MAS receptor present on adult human cardiac fibroblast primary cells induces CTGF and collagen expression in response to its agonist.
(A) Real-time PCR analysis shows significant upregulation of CTGF expression in response to MAS agonist (AR234960; 10μM); while MAS inverse-agonist (AR244555; 10μM) along with agonist (AR234960; 10μM) reduced CTGF expression significantly. CTGF expression decreases when MAS signaling is blocked by MEK1 inhibitor treatment. (B) Western-blot showing significant upregulation of CTGF in HCF cells treated with MAS agonist (AR234960; 10μM); the CTGF expression decreases when treated with inverse-agonist (AR244555; 10μM). MAS agonist (AR234960) activation also induces phosphorylation of ERK1/2 in HCF cells. In MAS agonist (AR234960) treated HCF cells, CTGF expression as well as ERK1/2 activation were significantly down-regulated in presence of MEK1 inhibitor (PD98059). CTGF expression and p-ERK1/2 levels were normalized by GAPDH and total ERK1/2 respectively. The western blot image shown is a representative of all the experiments done under similar experimental conditions and data from multiple experiments quantitated and cumulative data were presented as bar graphs. (C) Bar graphs showing real-time PCR analysis of different collagen sub-types (Col1A2 and Col3A1) [represented as fold increase (2‒ΔΔCt)] in HCF cells. Activated MAS induces collagen synthesis while inhibition of MAS receptor shows significant down-regulation of the same collagen sub-types. Inhibiting MEK1 also reduces expression of the same collagen sub-types. RT-qPCR was normalized by GAPDH. (*p<0.05; **p<0.01).
Fig 4.
CTGF regulates collagen in HEK293-MAS cells treated with MAS agonist (AR234960).
MAS expressing HEK293 cells were transiently transfected with control siRNA and CTGF siRNA followed by treatment with MAS agonist (AR234960). (A) Real-time PCR analysis confirms CTGF down-regulation by CTGF siRNA as compared to control siRNA transfected and followed by MAS agonist treatment. GAPDH was used as loading control. CTGF siRNA is specific and has no off-target effect on MAS expression. (B). Western-blot confirmation of CTGF protein levels. The western blot image shown is a representative of all the experiment done under similar experimental condition and data from multiple experiments quantitated and cumulative data were presented as bar graphs (**p<0.01) (C) Same set of sample was used for RT-qPCR analysis of collagen sub-types. Col 1A1, Col 1A2 and Col 4A1 were significantly down-regulated in MAS induced CTGF siRNA transfected samples compared to MAS induced control siRNA samples. RT-qPCR and western blot were normalized by GAPDH. (*p<0.05; **p<0.01; ***p<0.001).
Fig 5.
CTGF regulates agonist (AR234960) induced collagen expression in HCF cells.

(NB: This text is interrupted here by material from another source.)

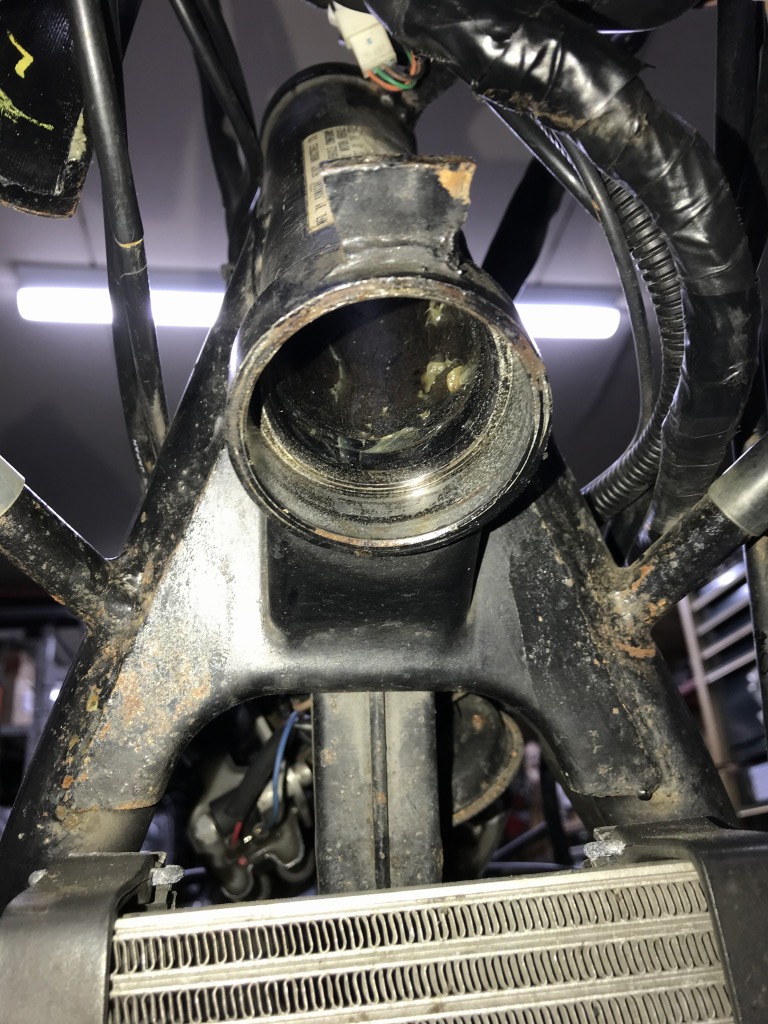 外したロアステムはこちら。15年ほど前のスープアップ製S1ステムです。

HCF cells were transiently transfected with control siRNA and CTGF siRNA followed by treatment with MAS agonist (AR234960). (A) Real-time PCR analysis confirms CTGF down-regulation by CTGF siRNA as compared to control siRNA transfected and followed by MAS agonist treatment. GAPDH was used as loading control. CTGF siRNA did not affect MAS expression in HCF (S3 Fig). (B). Western-blot confirmation of CTGF protein levels. The western blot image shown is a representative of all the experiments done under similar experimental condition and data from multiple experiments quantitated and cumulative data were presented as bar graphs (left) (**p<0.01) (C) Same set of sample was used for RT-qPCR analysis of collagen sub-types. Col1A2 and Col3A1 were significantly down-regulated in MAS induced CTGF siRNA transfected samples compared to MAS induced control siRNA samples. RT-qPCR and western blot were normalized by GAPDH. (*p<0.05; **p<0.01).